» Collected data:
####################
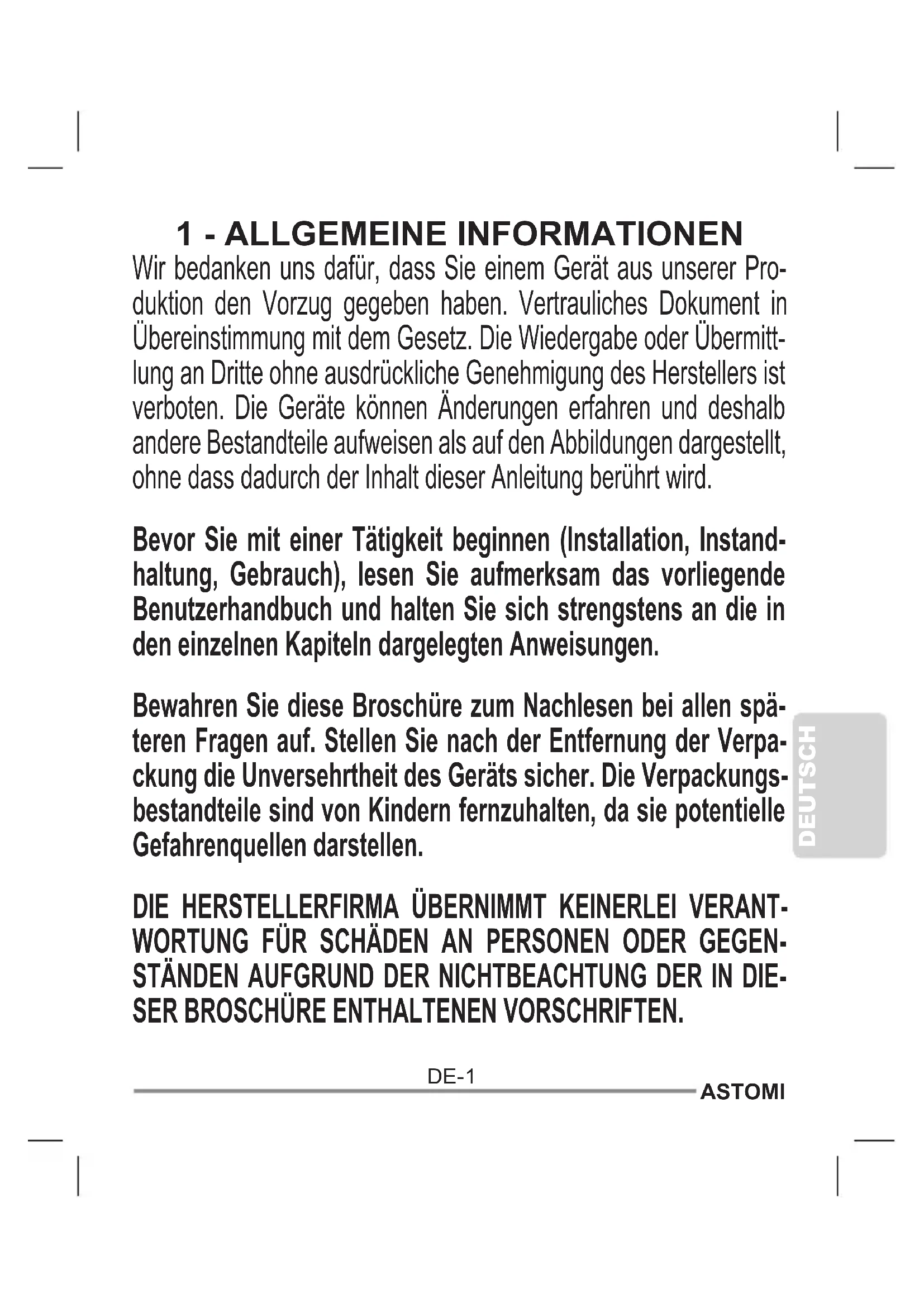 ASTOMIDEUTSCH DE- Die Herstellerrma behält sich das Recht auf jederzeitige Ände- rungen an ihren Modellen vor. Die in diesem Handbuch beschrie- benen grundlegenden Eigenschaften bleiben davon unberührt.
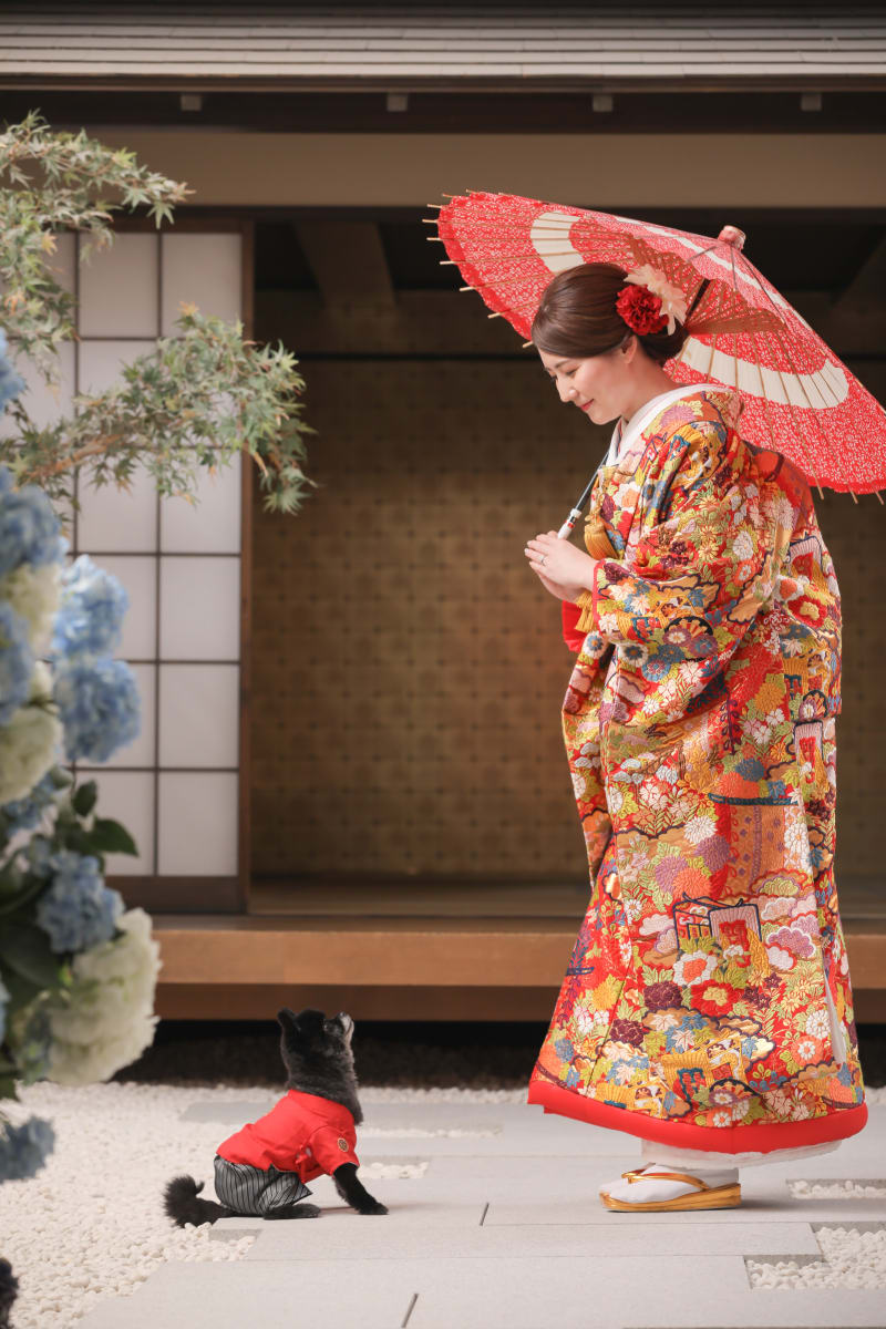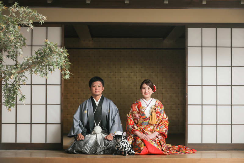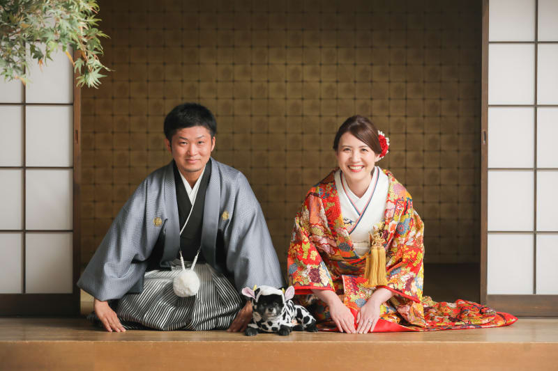 旦那様とお揃いの赤い紋服で和装ショット
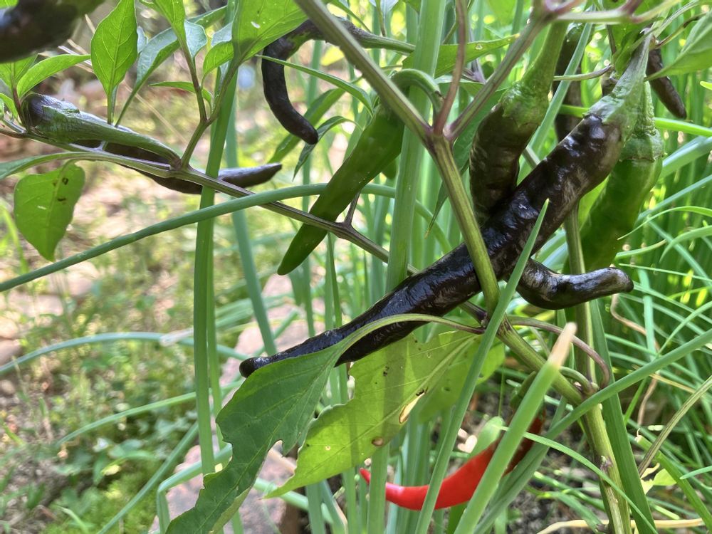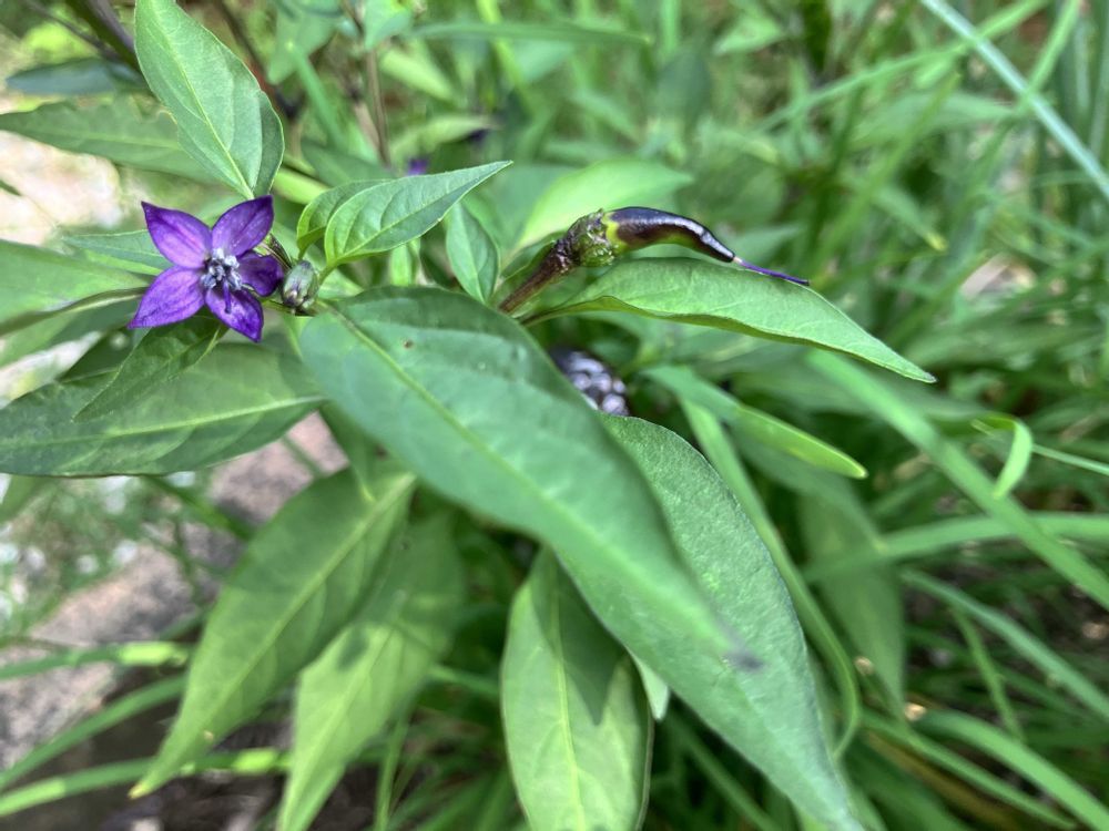紫の花色、いつもの唐辛子とはちがいますよね♡茄子みたい🍆味は辛くなくて、赤く熟すほど甘味が強くなるらしいです✨食べるの楽しみです!
####################
» What this task involves:
What is needed is an exact copy of the lines from the one with "旦那様とお揃いの赤い紋服で和装ショット" through the end of the data above, both included, minus any pictures.

» Response for this exercise:
 旦那様とお揃いの赤い紋服で和装ショット
紫の花色、いつもの唐辛子とはちがいますよね♡茄子みたい🍆味は辛くなくて、赤く熟すほど甘味が強くなるらしいです✨食べるの楽しみです!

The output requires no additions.